Олег Радзинский — писатель, диссидент, инвестиционный банкир, сын Эдварда Радзинского. Отсидев в советское время за антисоветскую агитацию и пропаганду, он уехал в США, где поступил в Колумбийский университет. Елизавета Осетинская поговорила с Радзинским о том, как он стал крупным инвестбанкиром, зачем согласился возглавить совет директоров Rambler Media Group и насколько обоснованы претензии компании к Nginx. The Bell публикует самые интересные фрагменты интервью, полную версию смотрите на канале «Русские норм!»

https://www.youtube.com/watch?v=T3VVn3rvPLg

«Диссидентство было для меня юношеским самоутверждением»

— Мне очень интересно было с вами поговорить, потому что я за всю свою жизнь прочитала про тюрьму всего трех интересных авторов — Солженицына, Шаламова и вас. Ваша книга «Случайные жизни» меня поразила тем, что в ней описана не та тюрьма, которая была когда-то, а та, которая была совсем недавно.

— Относительно недавно, конечно. Потому что все-таки прошло уже 30 с чем-то лет.

— Поэтому я хочу начать с этой темы. Ваша жизнь до этого была совершенно мажорская. Почему вас при этом затянуло в диссидентство?

— Книга «Случайные жизни» — не про тюрьму, на мой взгляд, это книга про свободу. Про диссидентство. Это книга, в которой есть и кусок моей жизни, который я провел в местах заключения. Диссидентство было для меня — и многие диссиденты на меня обиделись, когда я это сказал, но это моя точка зрения — таким юношеским самоутверждением. Я был очень литературоцентричен, поскольку я вырос в литературной семье. И русская литература, на мой взгляд, является наследницей библейской литературы. Это все о борьбе добра со злом, поэтому воспринимается в таком апокалиптическом, эсхатологическом смысле. Политическая борьба, общественная, социальная ли — это борьба добра со злом. Я выбрал сторону добра, как мне казалось, и отсюда диссидентство. Плюс, конечно, самоутверждение, что я делаю правильное дело, я принадлежу к чему-то, что имеет больший смысл, чем моя отдельная жизнь.

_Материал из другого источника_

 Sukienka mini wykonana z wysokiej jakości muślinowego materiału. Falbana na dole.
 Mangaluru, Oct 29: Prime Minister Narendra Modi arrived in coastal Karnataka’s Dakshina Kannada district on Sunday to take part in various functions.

— Это было модно в ваших кругах?

— Фрондирование было модно всегда, потому что фрондирование свойственно российской интеллигенции. И советской интеллигенции тоже. Все хорошо понимали, что мы выросли в Советском Союзе, и понимали все опасности, с этим связанные.

— У вас возникало чувство опасности, когда вы занимались явно наказуемым и преследуемым делом?

— Чувство опасности возникало и подстегивало. Потому что это значит, что есть признание, что ты делаешь что-то важное. Если это вызывает ответную реакцию властей, значит, это не просто так, это действительно важная вещь.

— Вы пишете о сотрудниках КГБ, которые за вами наблюдали, с какой-то, как мне показалось, симпатией. Типа люди нормальные, но работа — говно. 

— Кто-то работал в поликлинике, кто-то – в библиотеке. Они работали в отделе, назывался он, по-моему, «Отдел наружного наблюдения» КГБ. Они не испытывали ко мне никакой злобы. Им главное было, чтобы объект не убегал, не скрывался, был в поле видимости и слышимости, не ходил на встречу с иностранным корреспондентами.  А так, ради бога, — делай, что хочешь.

— Вы так про это рассказываете, и в книге тоже это чувствуется — ирония, некая легкость, иллюзия легкости, что все происходящее до определенной степени не совсем серьезно. Но на самом деле это было серьезно?

— Я понимал, что меня посадят. Но как мне относиться к этому — плакать, рвать волосы, стенать? Во-первых, мне это в принципе не свойственно. Во-вторых, слезами горю не поможешь. Помните, у Солженицына есть замечательное правило: не верь, не бойся, не проси. Не верь, потому что все равно обманут, не бойся, потому что бесполезно – все равно обманут, и не проси, потому что все равно обманут.

— Это правило для поведения в тюрьме или для взаимоотношений с властью?

— В тюрьме — да. В отношениях с властью – безусловно. Те, кто сидели по статьям 78–88 — контрабанда и валюта, — говорили, что, в отличие от ментов, КГБ не кидает.

— Чем тюрьма отличается от свободы? Чем-то главным. 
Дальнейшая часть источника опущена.